Code and dataset for Enhancing Infrared-Visible Image Fusion via Text-Guided Adaptive Feature Integration
Image fusion techniques aim to integrate complementary information from multiple modalities, such as infrared and visible images, to generate enhanced images that preserve both texture details and salient targets. Traditional methods often overemphasize low-level visual features, neglecting high-level semantic information, which limits their performance in downstream applications. This paper proposes a text-guided adaptive fusion network that incorporates language-based textual descriptions during feature extraction to capture semantic information effectively. An Adaptive Attention Fusion module dynamically integrates critical features from both modalities, while a simplified ResFormer module enhances the network's ability to perceive local details and global structures. Extensive experiments demonstrate that our method outperforms state-of-the-art approaches in both subjective visual quality and objective metrics, achieving significant improvements in high-level vision tasks such as semantic segmentation and object detection (e.g., a 8% increase in mIoU for semantic segmentation on the MSRS dataset). Our findings underscore the potential of text-guided fusion networks in advancing image fusion technology.

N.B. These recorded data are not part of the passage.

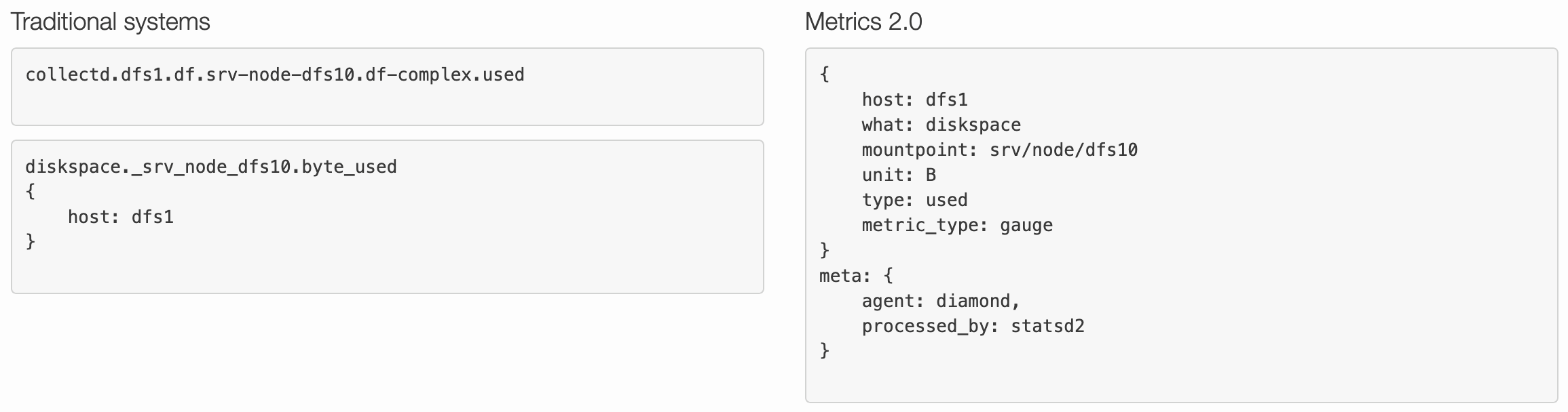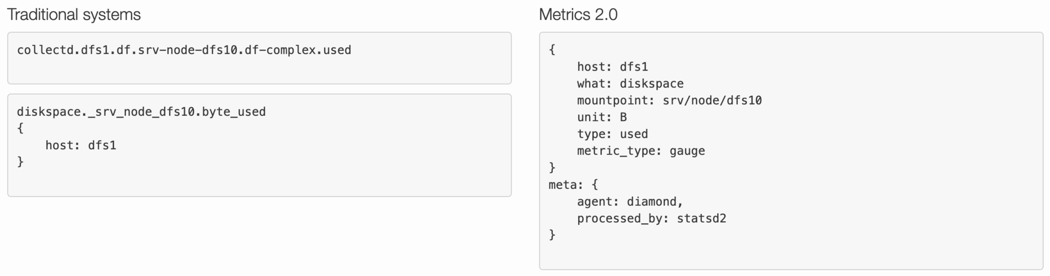 Metrics 2.0 est un ensemble de conventions, de standards et de concepts qui proposent une telle approche. Au cœur de sa proposition, on trouve l’idée qu’à chaque observation doit être associé un ensemble de paires clef-valeur qui caractérisent l’observation. Collectivement, ces paires, parfois aussi appelées tags, constituent les métadonnées d’une observation.
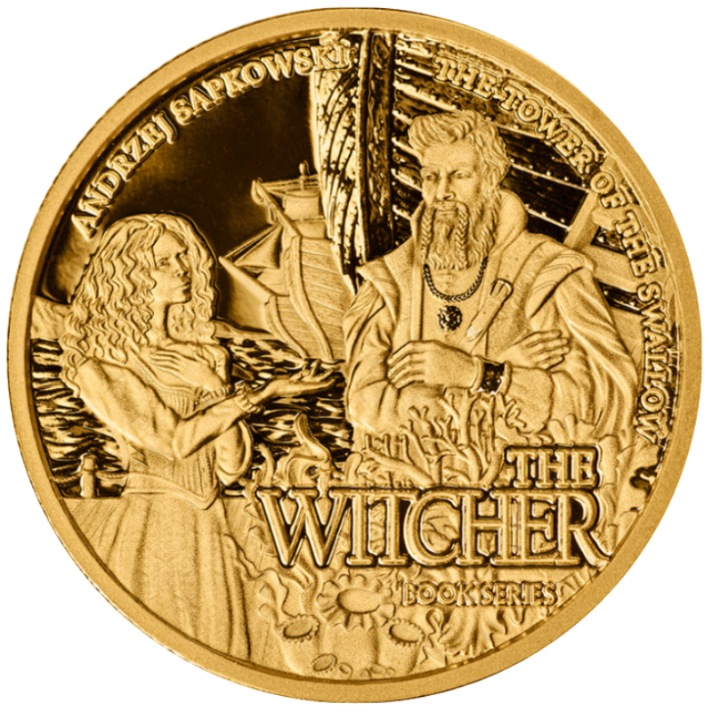 Kompozycję wieńczą napisy: ANDRZEJ SAPKOWSKI oraz THE TOWER OF THE SWALLOW, a u dołu monety lśni znak serii THE WITCHER BOOK SERIES. To prawdziwy kadr zamknięty w złocie – emocjonalny, pełen napięcia i literackiego klimatu.
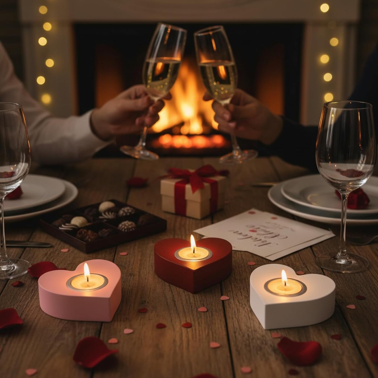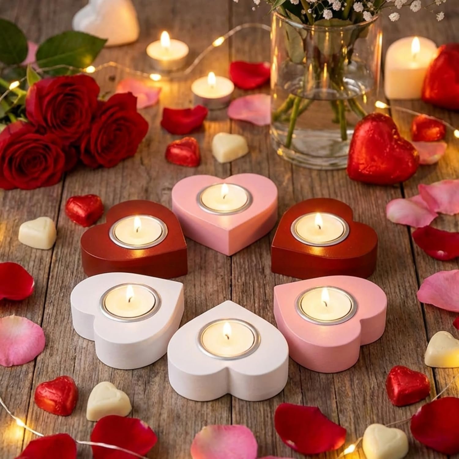 Bring warmth and rustic elegance to your celebrations with this heart taper candles holders kit of 6. Each set includes 2 red, 2 pink, and 2 white wooden candlestick holders, designed in a romantic heart shape to create a cozy and loving atmosphere.
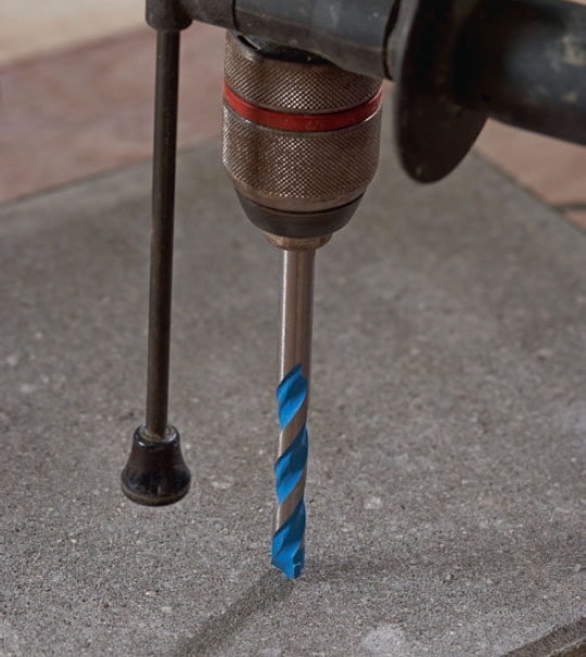 Borra med lågt varvtal med en ny och vass stenborr eller universalborr. När vattnet rinner ut är hålet klart.
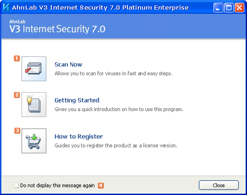 If you click Do Not Display This Message Again and click Close, the Welcome Screen will not appear from the next time you start AhnLab V3 Internet Security 7.0 Platinum Enterprise. To see this Welcome Screen again, click Welcome Screen in Help.
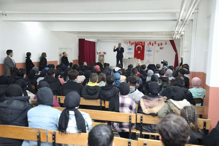 Öğrencilerin ve öğretmenlerin yoğun katılım sağladığı programda, Büyükşehir Belediye Başkanı Alinur Aktaş, gençlere nasihatlerde bulundu. Bursa ve Büyükşehir Belediyesi’nin çalışmaları hakkında anlatımlarda bulunan Başkan Aktaş, belediye başkanlığı görevinden önceki iş hayatı hakkında gençleri bilgilendirdi.
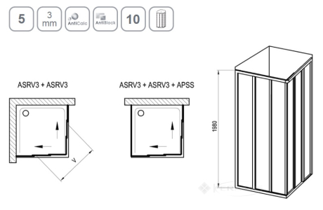 Для создания душевой кабины необходимо двое раздвижных дверей ASRV3, в комплектацию каждого из которых входит угловой соединитель. С помощью комбинации различных размеров двух частей получится квадратный или прямоугольный варианты душевой кабины (напр., 75 x 90 см, 80 x 90 см и так далее). Устанавливается в облицованный кафелем угол ванной комнаты на поддоны RAVAK Aneta, Angela, Perseus, Perseus Pro, Perseus Pro Flat, Perseus Pro Chrome, Perseus Pro 10° или непосредственно на пол со встроенным душевым каналом или трапом.
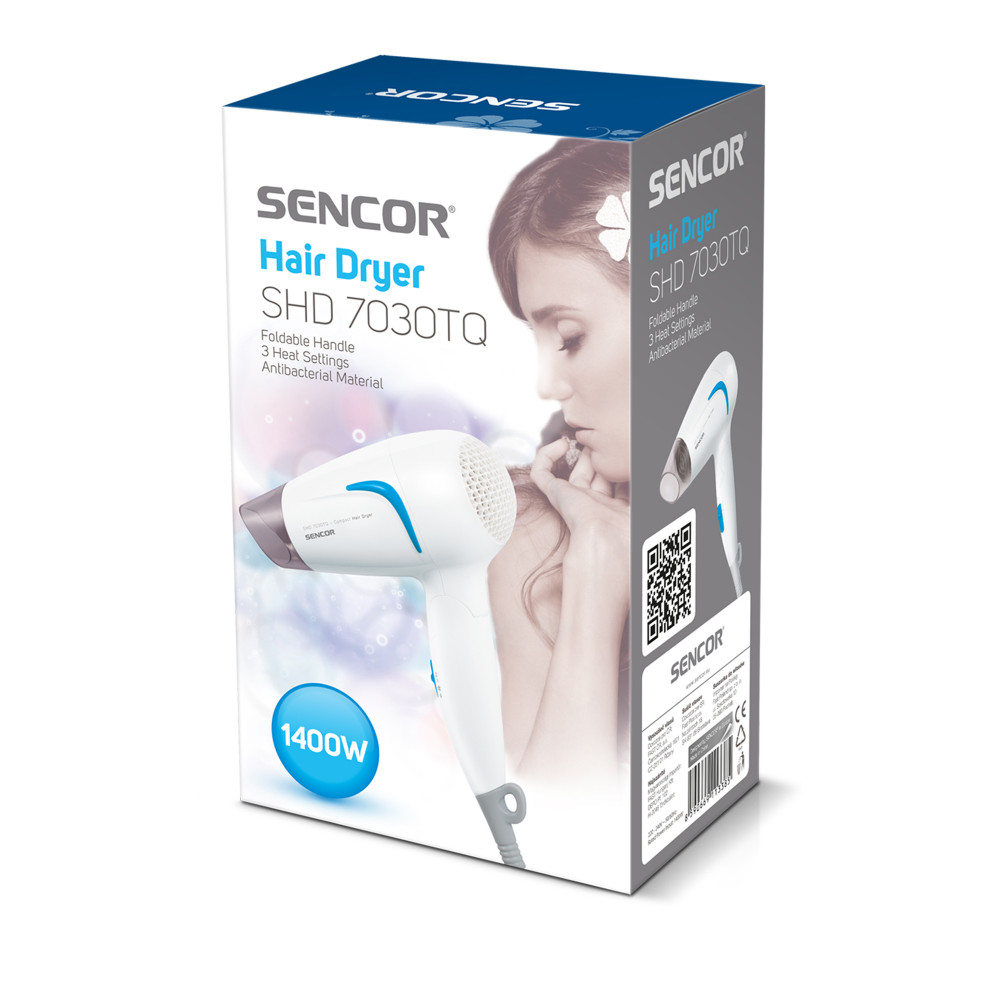 Основни характеристики: Сешоар Sencor SHD 7030TQ, 1400W, Бял/Син - Код G5239
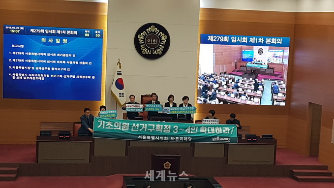 [세계뉴스] 전승원 기자 = 서울시의회 바른미래당은 현 2선거구제는 민주당과 한국당이 독식하는 구조로 맞지 않다며 3~4인 선거구제로 확대를 촉구하고 본회의장을 점거하고 농성중이다.
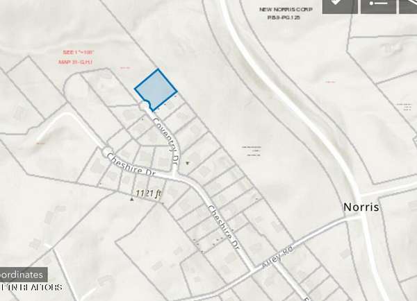 Take I-75 Norris/Clinton exit 122, Hwy 61 towards Norris, turn left onto Hwy 441, go about 2 miles and then turn left onto Alley Rd., turn right on Cheshire Dr., right on Coventry Dr., property is in the cul-de-sac on the right. Sign is on the property.
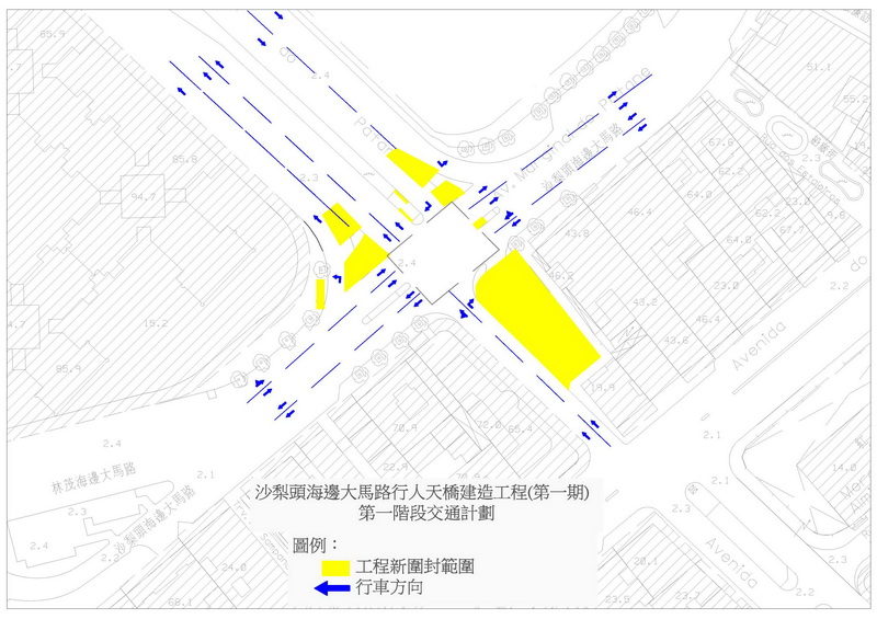 工程期間位於亞洲工業大廈一側的電單車停泊位及垃圾房將暫停使用,工程亦需拆除道路上的花圃以調整行車路並擴寛行人路建造天橋結構,受現場施工環境的限制,沙梨頭海邊大馬路及沙梨頭南街將分階段實施有限度通車,請駕駛者留意現場交通指示。

Our TGAF is implemented in net/TGAF.py.
1. Virtual Environment
# create virtual environment
conda create -n TGAF python=3.8
conda activate TGAF
#Install pytorch
conda install pytorch==2.0.0 torchvision==0.15.0 pytorch-cuda=11.8 -c pytorch -c nvidia
2. datasets
https://pan.baidu.com/s/1zJGKJlrh1y6GNBCxmQy5Mg?pwd=i82q
3. Pre-Processing
Run
python data_process.py
and the processed training dataset is in './VLFDataset_h5/MSRS_train.h5'.
4. TGAF Training
Run
python train.py
1. Pretrained models
The pre-trained models can be found at './ckpt_20.pth'.
2. Test datasets
Run
python data_process.py
and the processed test dataset is in './VLFDataset_h5/MSRS_test.h5'.
3. Results in Our Paper
Run
python test.py